### WHAT IS NEEDED
For the material below, return exactly the lines starting at the one holding "وحول الجهات المسؤولة" and ending at the one holding "Cada display é", counting both as part of the range.

### DATA FOR REVIEW
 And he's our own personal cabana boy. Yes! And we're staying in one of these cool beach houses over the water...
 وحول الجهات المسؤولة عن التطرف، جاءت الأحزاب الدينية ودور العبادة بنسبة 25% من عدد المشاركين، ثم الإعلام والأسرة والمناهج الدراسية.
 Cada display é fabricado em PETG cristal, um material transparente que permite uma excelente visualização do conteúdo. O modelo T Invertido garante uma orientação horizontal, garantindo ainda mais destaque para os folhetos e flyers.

--

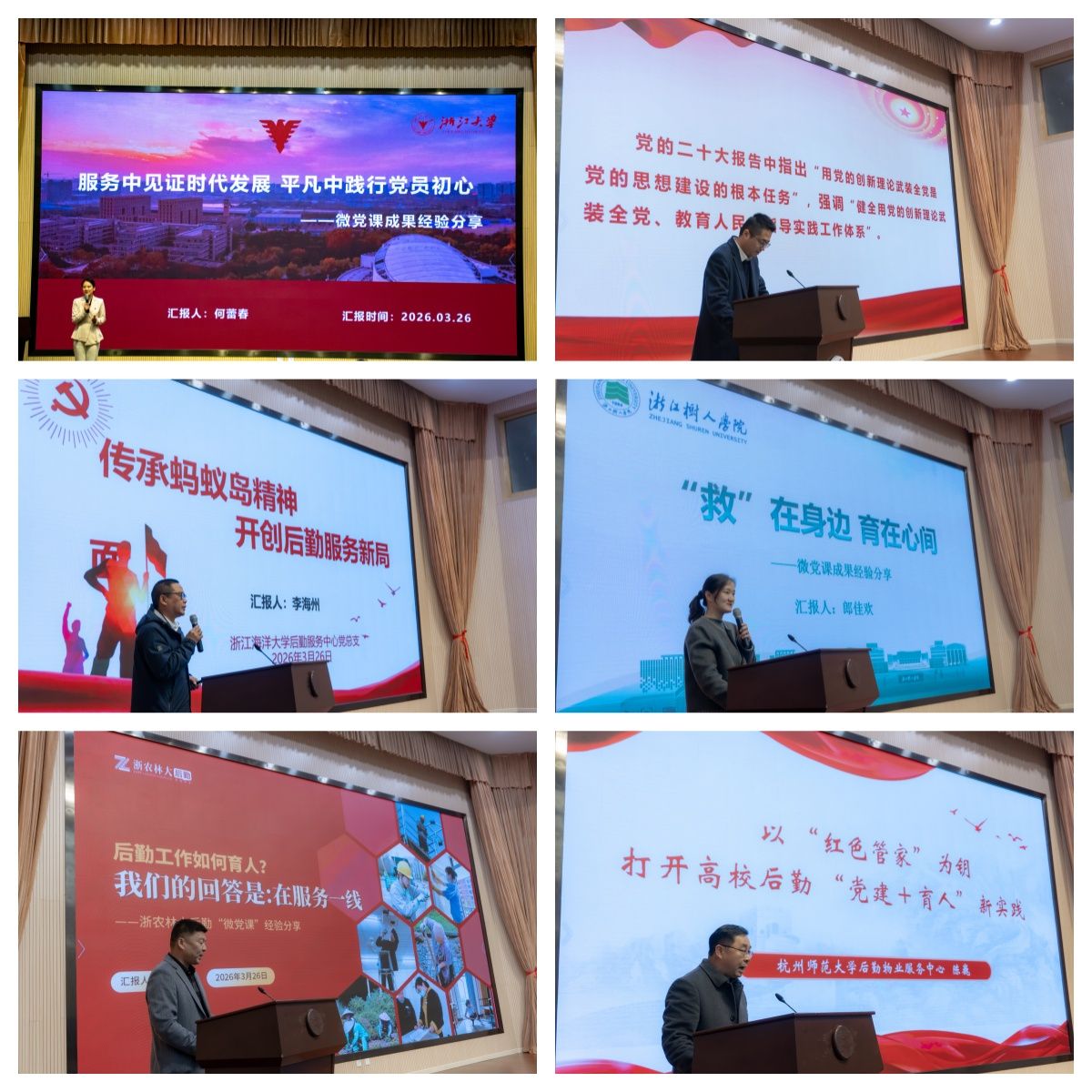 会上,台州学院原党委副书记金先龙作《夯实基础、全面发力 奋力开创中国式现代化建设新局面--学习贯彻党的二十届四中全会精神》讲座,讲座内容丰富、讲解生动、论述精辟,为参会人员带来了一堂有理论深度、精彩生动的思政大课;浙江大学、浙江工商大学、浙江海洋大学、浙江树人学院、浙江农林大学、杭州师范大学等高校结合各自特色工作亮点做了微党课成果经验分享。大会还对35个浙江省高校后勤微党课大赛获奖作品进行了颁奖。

### SOLVED EXERCISE
 وحول الجهات المسؤولة عن التطرف، جاءت الأحزاب الدينية ودور العبادة بنسبة 25% من عدد المشاركين، ثم الإعلام والأسرة والمناهج الدراسية.
 Cada display é fabricado em PETG cristal, um material transparente que permite uma excelente visualização do conteúdo. O modelo T Invertido garante uma orientação horizontal, garantindo ainda mais destaque para os folhetos e flyers.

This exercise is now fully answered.